Pulsar Function SDK: can be used for Java/Python/ Go and provides more functionality, such as accessing context objects.
You only need to write a simple function to transform messages using the language native interface:
Def process (input): return "{}!" .format (input)
This simple function written in Python simply adds an exclamation point to all incoming strings and publishes the resulting string to topic.
Using SDK requires importing dependencies. For example, in Go, we can write:
Package main import ("context"fmt"github.com/apache/pulsar/pulsar-function-go/pf") func HandleRequest (ctx context.Context, in [] byte) error {fmt.Println (string (in) + "!") Return nil} func main () {pf.Start (HandleRequest)}
If you want to publish serverless functionality and deploy it to a cluster, you can use Pulsar-Admin CL;. If you use Python, we can write:
$bin/pulsar-admin functions create\-- py ~ / router.py\-- classname router.RoutingFunction\-- tenant public\-- namespace default\-- name route-fruit-veg\-- an important function of inputs persistent://public/default/basket-items Pulsar Function is that users can set the delivery guarantee when publishing the function: $bin/pulsar-admin functions create\-- name my-effectively-once-function\-- processing-guarantees EFFECTIVELY_ONCE.

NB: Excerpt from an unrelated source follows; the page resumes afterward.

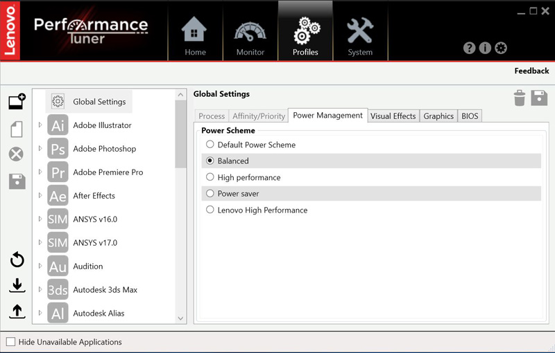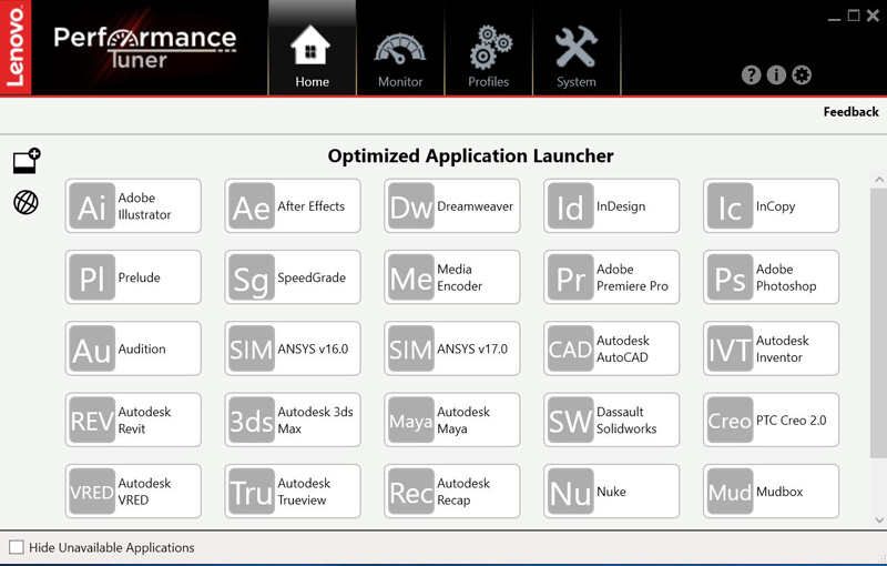 Our P920 did not include and pre-loaded software, none is really needed. On Lenovo’s website, one can find Lenovo Performance Tuner and use this to pre-tune application settings.

There are the following options:
Advantages of Pulsar
Compared to Kafka, let's review the main advantages of Pulsar:
More features: Pulsar Function, multi-tenancy, Schema registry, n-tier storage, multiple consumption patterns, persistence patterns, etc.
Greater flexibility: with 3 subscription types (exclusive, sharing, and failover), users can manage multiple topic on a single subscription.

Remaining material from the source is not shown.